Kushner's new book, The Conditions of Love, is her first novel.
A couple of weeks ago I asked the author about what she was reading. Kushner's reply:
Here’s my idea of heaven: a cabin in the woods, pine-scented wind, a lake full of sky. Time dissolved and I can read uninterrupted!Visit Dale Kushner's website and blog.
For now, I’ve just finished Alexander Chee’s Edinburgh. Chee is a writer who knows about the sacred, about moments of love and beauty that save us from being swallowed by a dark cosmos. In prose both muscular and hauntingly lyrical, Chee reveals the story of Fee, a sensitive Korean-American boy growing up in small town Maine. Early on, Fee is told a family legend by his Korean grandfather: they are descended from The Lady Tammamo, a demon fox spirit who assumed the form of a beautiful woman to marry a human—a shape-shifter. Fee embraces the legend, and Chee astutely weaves the image of the fox into his narrative to underscore the mythic quality of Fee’s life. The fox represents a touchstone for Fee’s sense of otherness as a soulful gay man of mixed descent and the blaze of passion that will dominate his life.
There is plenty of suffering in this book—pedophilia, AIDs, suicide—but these scourges are counterbalanced by moments of great tenderness and compassion for our vulnerable human souls.

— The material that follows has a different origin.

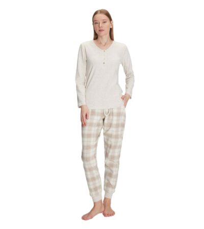 Πιτζάμα Γυναικεία Homewear Με Μακρύ Μανίκι & Μακρύ Παντελόνι Anil-11317 KOKKINO

Since I like to read widely, I’m halfway through two other books. One is a compilation of essays by Adrienne Rich: A Human Eye: Essays on Art in Society, 1997-2008. Rich’s book includes pieces on writers who, sadly, have almost faded from our literary consciousness including Muriel Rukeyser, James Baldwin, Denise Levertov and Amiri Baraka among others. Rich has always been interested in the intersection of the artist with social change and in this book she brings to the page her usual eloquent intelligence and empathic vision. In writing about the poems of Thomas Avena, she states what I take to be her own credo “… art’s critical resilience wherever human extremity seems to have crushed all responses…art is the projection of that in us which does go on responding, and also that to which our sealed consciousness opens in response.”
The second book I have open is a scholarly work to be read slowly. The Ability to Mourn: Disillusionment and the Social Origins of Psychoanalysis by Peter Homans, which takes up the issue of cultural renewal. I’m looking to Homans to help me understand what undergrids our current zeitgeist of anxiety and despair besides the obvious economic and political woes. Homans writes with homage and discernment about the origins of psychoanalysis, about Freud and his theory of culture, about Jung, Otto Rank, and Ernest Jones and their relationship to the great man and his Movement. But what I’m most interested in is the section called “Mourning, Individuation, and the Creation of Meaning in Today’s Psychological Society.” It seems, as Freud said in one of his lectures, we suffer from reminiscences, stuck in a past we haven’t fully mourned and searching for ways to regenerate our future.
Next in line to read are the following: The King in The Tree by Steven Millhauser; Until the Dawn’s Light by Aharon Appelfeld; Madness, Rack, and Honey by Mary Ruefle.